丁度当時弟か妹に憧れていた事も有り、何も知らない相手に年上風を吹かせたくなったのだ。
きっかけとしてはそれだけの事。
それが無ければオルガはきっとスーに声を掛けず。
今はただ、敵討ちに邁進できたはずだ。
内面を知らない相手を殺せば良いだけと割り切れた筈で、きっとその精神性は――生前のマリアに近い物になっていた筈だろうと思う。
でもそうはならなかった。
彼女に手を引かれて。聖騎士を見た。
自分とは住む世界の違う、誰かを助けて人から感謝をされて。
そんな母親の言葉を体現する様な存在に出会った。
だからそれを目指すのは当然の事。
スーが誘拐されそうになった。
でもオルガは何も出来なかった。ただ、相手の足に絡んだだけで実際の妨害となる様な事は何一つ。

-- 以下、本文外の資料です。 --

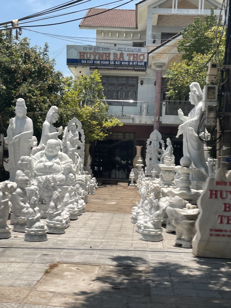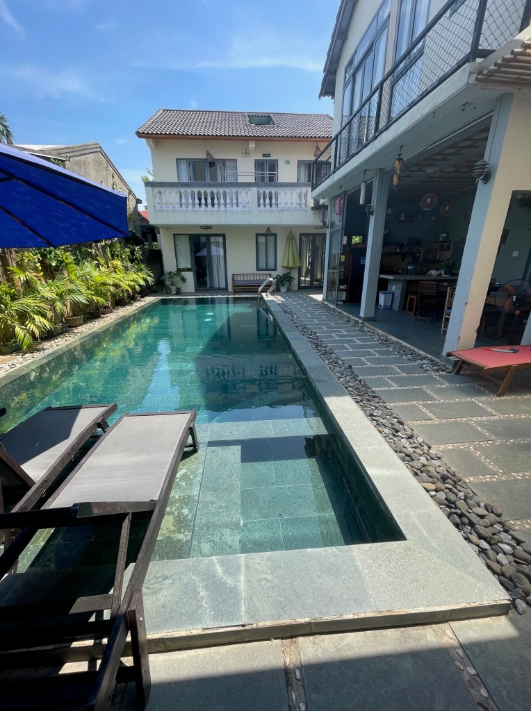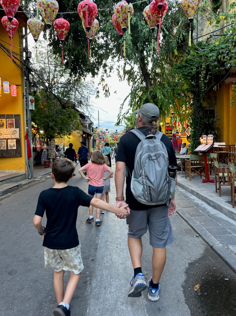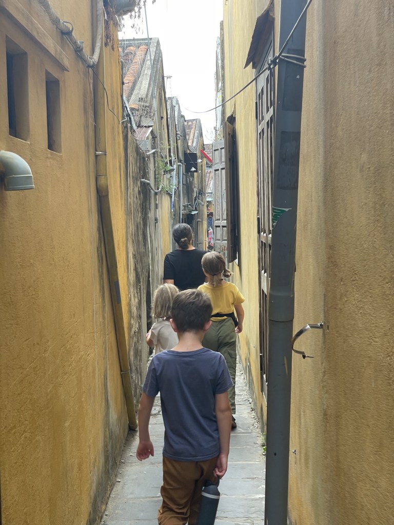 We’re not quite sure what to expect when we arrive at the Da Nang train station. It’s another bustling city, however this time we are destined for a more of a rural area called Hoi An. The taxi driver takes us down a road where there a hundreds of large, and I’m talking large, statuses of made of marble. LOTS of Buddhas, lions, even mermaids. We would become accustom to these figures as this road will be one we will frequent often when we attend Da Nang International Church on Sundays. The driver gets into town and turns down a very narrow road, finally stopping at our next home. We arrive at a villa with a shared pool, a nice reprieve from the big cities that we had been spending our time in up to this point. The villa has bikes available for use, where a child seat would soon be fastened so that Little Pea could take rides with Daddy Pea on grocery runs (usually a minimum of 3 stores visited on each run). Over the next three weeks all stress and worry that I had been storing up would dissipate. The worry of work, that I was no longer doing mind you, would finally, finally leave me. The worry about if the kids would adapt had mostly subsided, they were getting along better than I expected. The worry of being in a foreign land, of how to communicate and to get around, on if the locals would treat us as true outsiders, started to fade away. This place is a peaceful place. Slow, and relaxed. Inexpensive yet rich in beauty and culture. Man I could see myself getting used to this place.

誘拐犯を撃退したのはスーだと言うのに、スーはオルガが守ってくれたのだという。
悔しかった。訳も分からず悔しかった。年下に守られた事が? 自分の無力さが?
オルガにも分からなかった。当時も今も。
一つ確かな事は、そのままは嫌だと思った事。
お兄ちゃんと、呼ぶ相手よりも弱いなんて認められない。
だから強くなろうと。強くなりたいと。オルガの中で明確に形になったのはこの時だ。
◆ ◆ ◆
スーは泣き虫だった。
良く笑う子であったが、同時に良く泣く子でもあった。
そしてそれは概ね家族に関する事だった。
「またお兄ちゃんたち喧嘩してた……」
今日も来るなり鼻をすする。年長の二人が放つ険悪な空気に耐えきれず、スーは家を飛び出してきたらしい。
「またかよ……」
と言うのも、本当に良く喧嘩をするのだ。スーの兄は。
「なんかね、下のお兄ちゃんが悪いことしたみたいなの。それを上のお兄ちゃんが悪いことした―って言ってるの」
「それで喧嘩?」
「うん……」
「叱ってるとかそう言うのじゃなくて?」
「うん……」
良く分からんとオルガは思った。弟が悪い事をしたから叱るのならオルガにも想像できる。
しかし何故そこで喧嘩になる?
「ママはね」
とたどたどしくスーは説明を始める。
「スーが悪い事したらダメだよって怒るの。そういう事をしちゃいけないって」
「うちもそうだよ」
そうやって怒る時の母親はとても怖い。
何時もの温和さが嘘の様に怖い顔になる。
「でもお兄ちゃんたちのは違うの。悪いことしたからお前は悪い奴だ! ってずっと言ってるの」
きっと、と言うか確実に本当はもっと口汚い言葉なのだろう。
叱るのではなく責め立てる。そこには相手への愛だとか思いやりだとかは無いだろう。
「叱られないと悪い子になっちゃうのに……」
オルガも母親に似たような事を言われた事がある。
叱って貰える内が良いのだと。叱って貰えなくなったら自分の悪い所もなおせなくなると。
そこでスーは何かに気付いたような顔をした。
「ママいないからスーを叱ってくれる人いない……」
「お父さんは?」
「パパ……会ったこと無い」
「死んじゃったのか?」
この無遠慮な質問にもスーは嫌な顔せずに答えた。
「おうちに居るけど……会ったこと無い」
ふくざつなかていだ。と幼いオルガは思った。
「どうしよう……スー悪い子になっちゃう?」
「だ、大丈夫だ! スーが悪い事したら俺が叱ってやる!」
「ほんと?」
「ああ、本当だ!」
「良かったあ。スーね、良い事したいの! みんなを助けてあげたいの! だから悪い人になったら困るんだあ」
とスーが安心したように笑うのでオルガは笑いながら冷や汗をかいた。
スーの手本になれるように、何が悪い事なのかしっかりと考えなければいけないと。
その約束をオルガは果たせなかった。何しろスーは基本的に良い子なので、悪い事などそうそうしなかった。
故に叱る機会と言うのは中々訪れなかったのである。
そうして訪れた時、オルガは叱れなかった。
大体察しているとは思いますが、オルガがぶっ壊れるまでの話です。